Строжайшее религиозное предписание, которое очерчивает физиологические границы чувственного восприятия (в последний раз осмысленно истолкованные опять-таки раннехристианскими гностиками), запрещает вверенным нашему попечению детям как раз то, к чему детский разум стремится приблизиться. Там же, где разум их невольно цепенеет, — у другой крайней точки зрительного восприятия, вблизи темноты, они должны, вопреки опасности, отправиться на разведку. Нельзя пасовать перед царством тьмы. Над этими словами дряхлый и злой наставник Акахито снова задумался на часы, словно впервые услышал их от самого себя. Он размышлял над тем, как обыденное мышление, к которому люди склонны гораздо больше, чем к опасным экспериментам, воспринимает этот запрет и строжайшее предписание.

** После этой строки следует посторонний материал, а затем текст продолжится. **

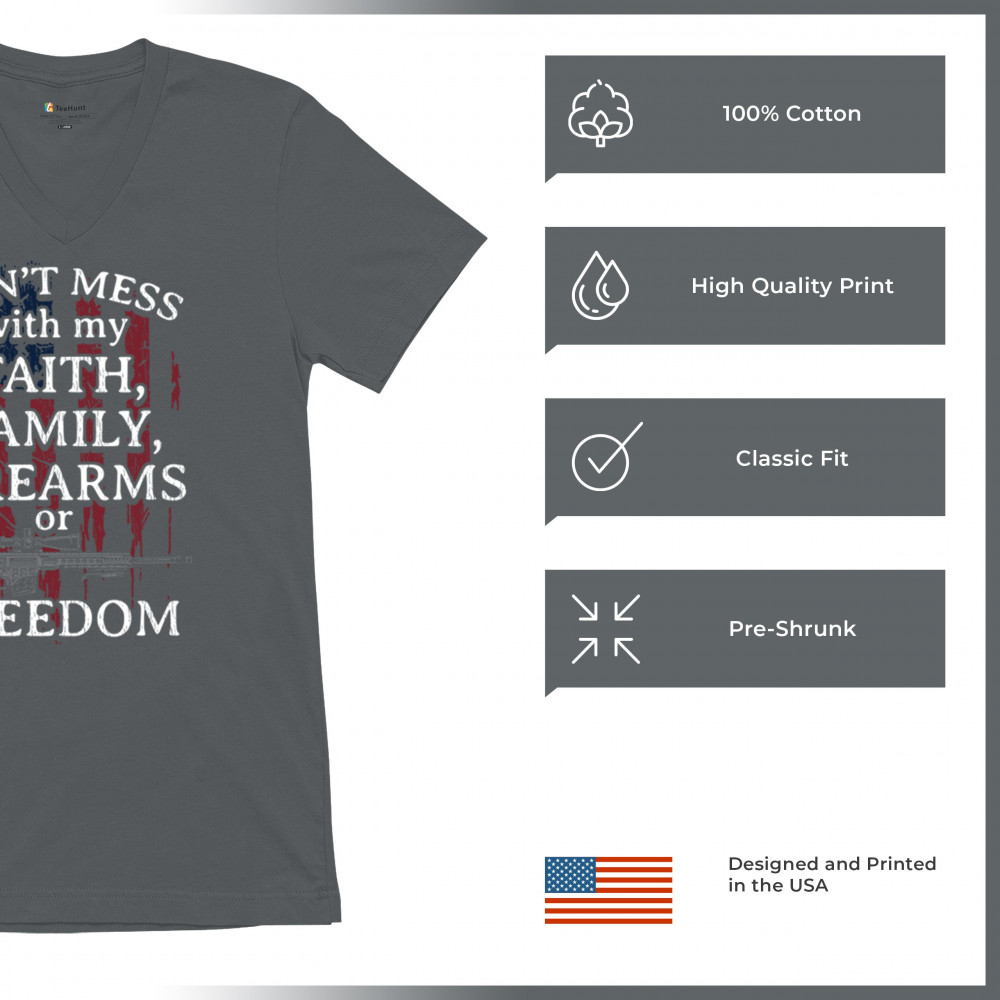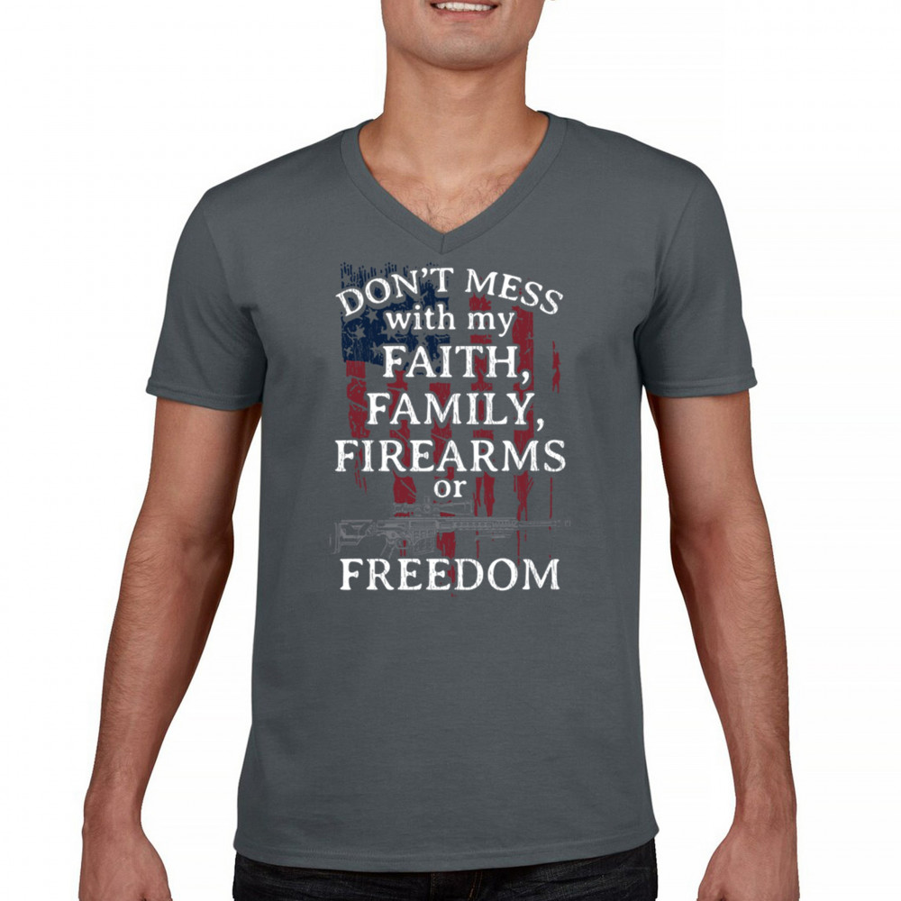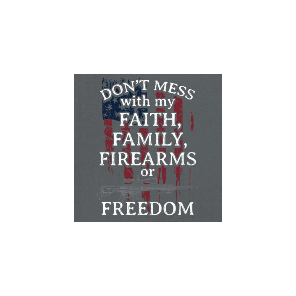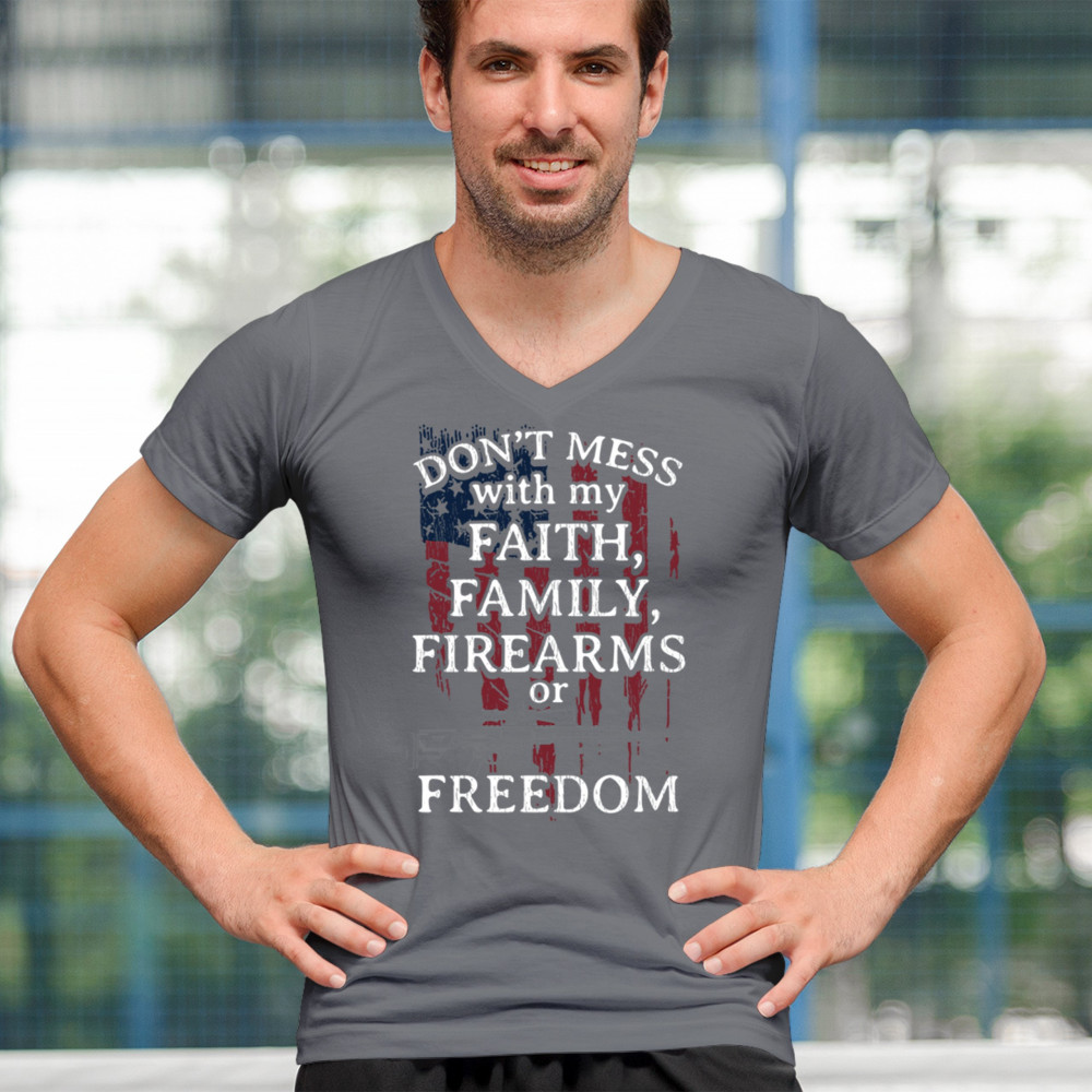 Patriotic shirt with "Don't Mess with My Faith, Family, Firearms, or Freedom" over distressed American flag. Perfect for patriots and veterans.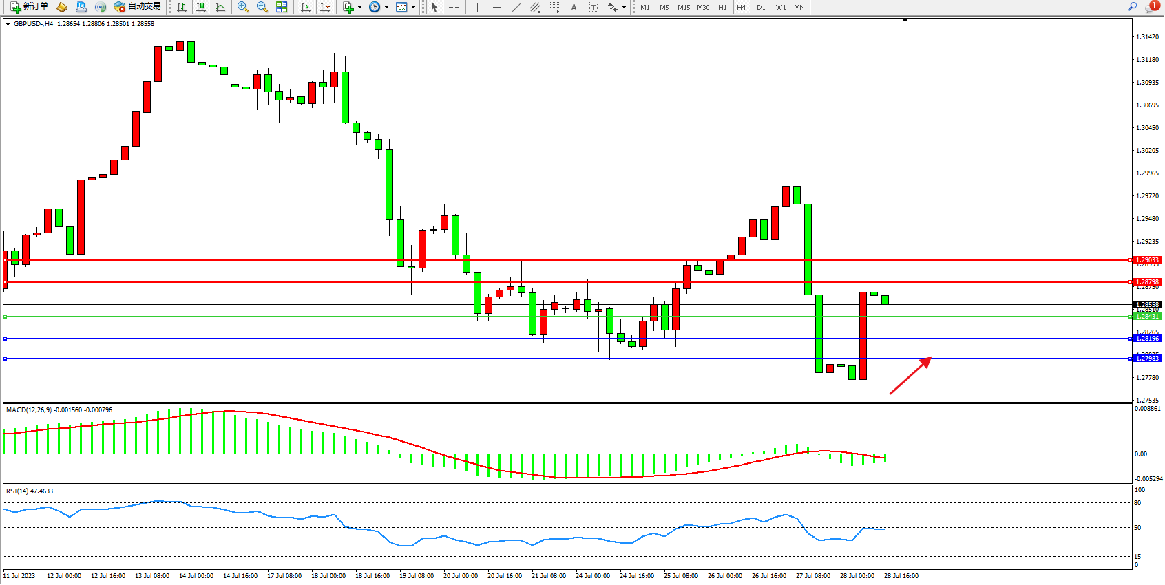 备选策略:1.28431下方看跌,目标1.28196  1.2798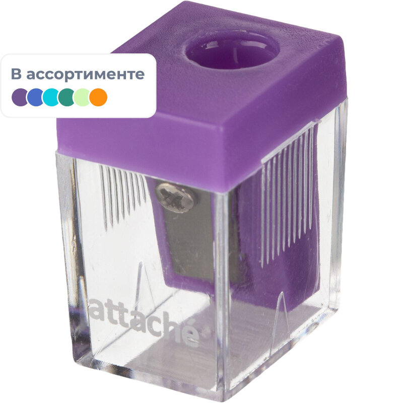 Точилка Attache Economy на 1 отв, прямоугольн, c прозр. контейнером, ассорти, 5 штук информация: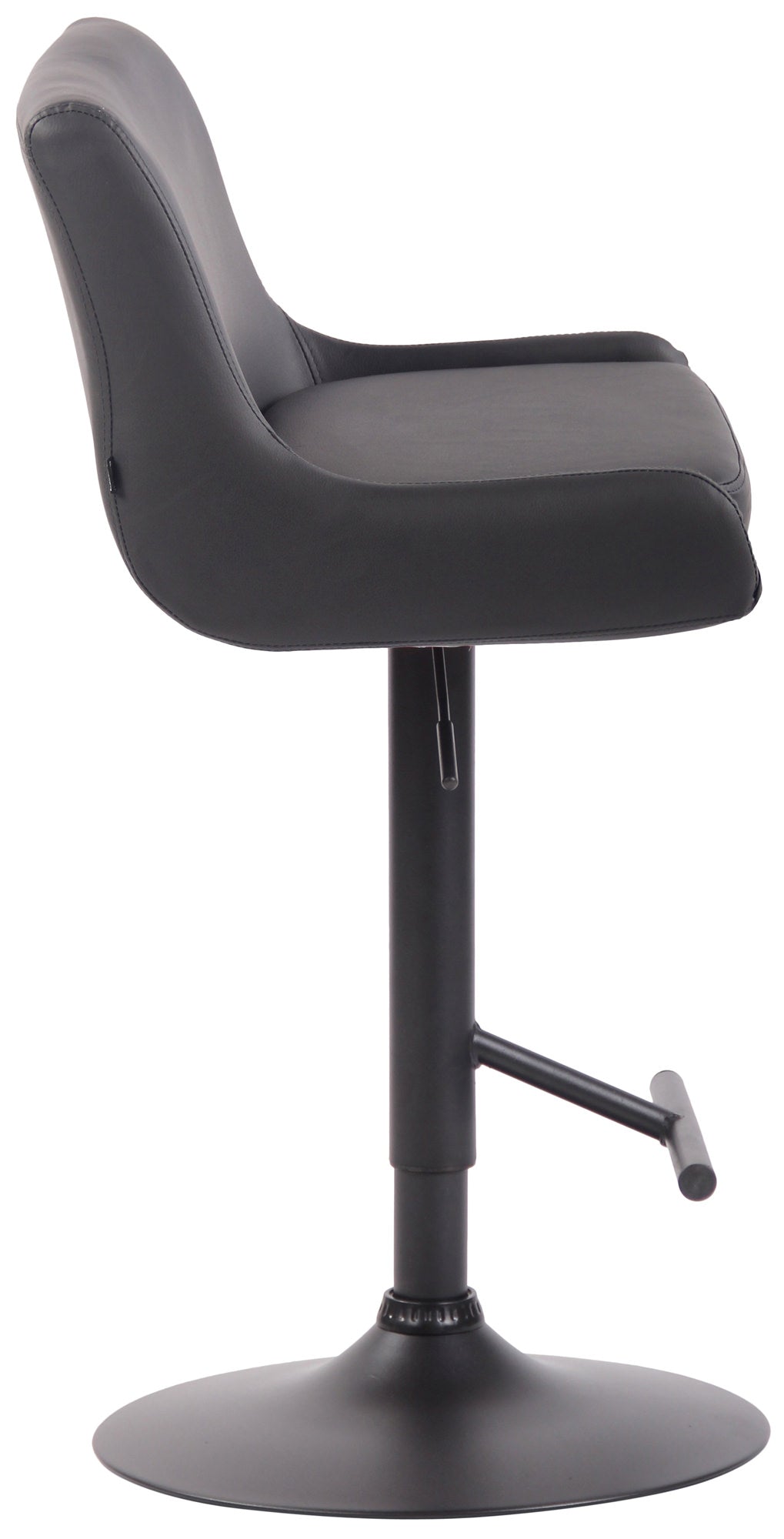 De barkruk valt op door zijn stijlvolle uitstraling. De zitting is bekleed met onderhoudsvriendelijk kunstleer. Dankzij de gasveer kan de hoogte van deze kruk traploos worden aangepast, zodat hij perfect is voor elke toonbankhoogte. De voetsteun, die zorgt voor een uitstekend zitcomfort, is synchroon verstelbaar met de hoogte van de zitting. Beide, de zitting en voetsteun, kunnen 360° draaien. Het frame is vervaardigd van verchroomd metaal en onder de trompetvoet bevinden zich vloerbeschermers om krassen op de vloer te voorkomen.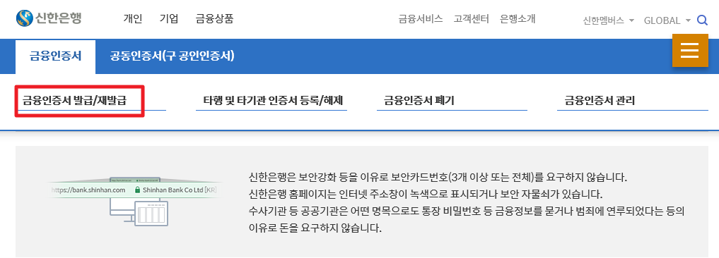 오늘은 신한은행 금융인증서 발급 방법에 대해서 알아보려 합니다.

Но если рассматривать не эти противоречащие друг другу социальные и цивилизационные отпечатки в нашем сознании, не символические и ритуальные запреты и предписания, а оптические следы чистого созерцания, поучал учеников дряхлый и злой наставник, то сразу выяснится следующее: хотя между светом и тенью существуют тональные различия, мы не можем выявить тон, отделяющий свет от тени. Царство оттенков фактически безгранично. Существуют лишь переходы, одни только переходы и никаких границ, запомните это, кричал, выходя из себя, дряхлый и злой наставник Акахито. Число переходов наверняка бесконечно. В фотографии градации серого изображаются на шкале. В безграничном царстве света шкала произвольно делится на ступени, формируя своего рода лестницу; хотя на самом деле никакой лестницы и никаких ступеней нет, но как аналогия это приемлемо. Шкала серого цвета в этой ритуальной цветовой гамме содержит в себе все возможные варианты, от чисто-белого до чисто-черного. Но обо всем этом нам впервые поведала не фотография, а строгая и аскетичная старшая

сестра живописи — графика. Если вы хотите понять фотографию, узнать, откуда она появилась, из какой семьи вышла, в какой школе визуального восприятия обучалась, объяснял дряхлый и легендарно злой наставник нашего Акахито, вы должны перво-наперво вбить в свои скудоумные головы, в чем заключается разница между серым цветом графического искусства и фотографии.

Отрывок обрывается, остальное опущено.